Costa acusou Alencar, Luciana Genro (PSOL-RS), Raul Jungmann (PPS-PE), Fernando Gabeira (PV-RJ) e Luiza Erundina (PSB-SP) de estarem posando de "paladinos da ética". "Parece que os demais deputados não são éticos", gritou Costa.
Ao ouvir seu nome sendo citado pelo deputado, Luciana Genro partiu para cima de Costa --mas acabou contida por seguranças que tiveram que intervir no tumulto.
A discussão que quase provocou agressões físicas entre os parlamentares resume o clima de tensão instalado no Congresso em meio à suposta lista de deputados e senadores que estariam envolvidos em irregularidades descobertas pela Operação Navalha, da Polícia Federal.
Além de investigar as denúncias da PF, a CPI quer apurar se parlamentares receberam presentes ou mesmo propina da empresa Gautama em troca da liberação de emendas para a empreiteira --apontada como a coordenadora do esquema de fraudes desmontado pela Operação Navalha.

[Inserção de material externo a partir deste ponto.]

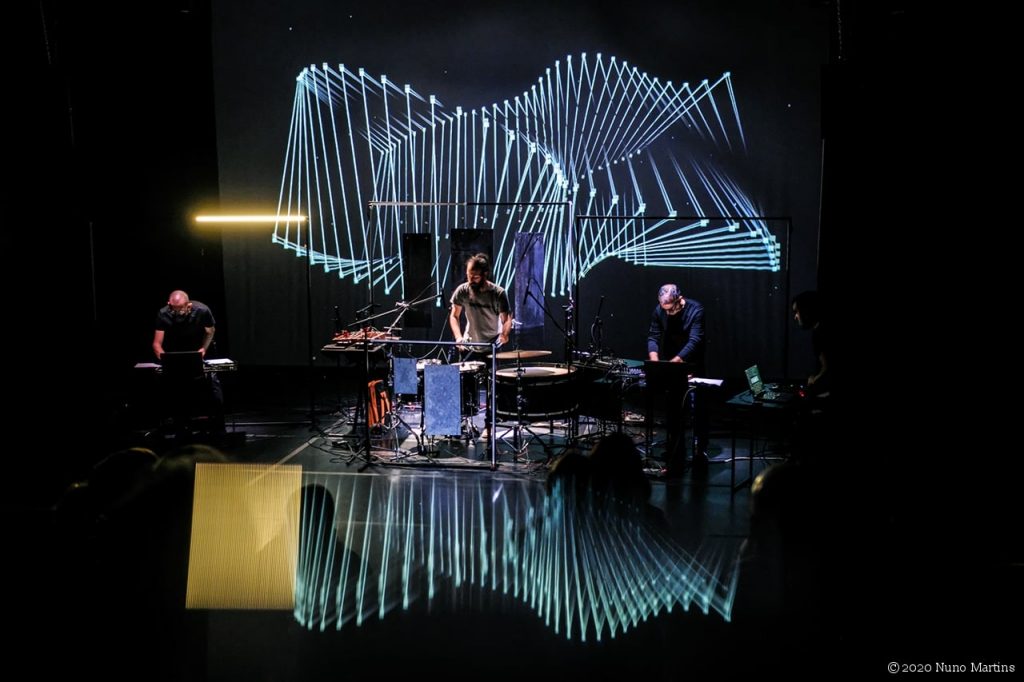 Percussão Gustavo Costa | Computador Miguel Carvalhais | Computador Pedro Tudela | Visuais Rodrigo Carvalho | Produção Sonoscopia

A terceira via acusou Costa de ter sido pressionado pelo Palácio do Planalto a retirar sua assinatura da CPI. "O senhor é sem vergonha. Não aceito isso. Quem fez a palhaçada é o senhor que quer justificar a retirada de sua assinatura", criticou Luciana Genro.

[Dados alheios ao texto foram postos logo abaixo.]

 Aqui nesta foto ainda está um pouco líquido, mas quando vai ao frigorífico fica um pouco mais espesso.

Alencar insinuou que o governo federal pressionou o parlamentar a desistir de apoiar a CPI. "Não sei se o ministro das Relações Institucionais ou outra força pressionou e agora ele quer retirar a assinatura. Essa reação atrai a mídia. É um escândalo para encobrir a investigação dos grandes escândalos. Muitas vezes as firmas dos deputados e senadores não são muito firmes por causa das pressões partidárias."
Assinaturas
A terceira via já reuniu 153 assinaturas na Câmara e 29 no Senado para a instalação da CPI da Navalha no Congresso.
No Senado, os parlamentares já atingiram o número mínimo de assinaturas necessárias para a instalação da CPI, que é de 27. Na Câmara, os deputados esperam conseguir até amanhã as 171 assinaturas necessárias para a apresentação do requerimento de abertura da comissão.
"Vamos tentar atingir esse número hoje. Se não conseguirmos, temos a semana que vem pela frente. Não estamos com nenhuma agonia", disse o deputado Augusto Carvalho (PPS-DF).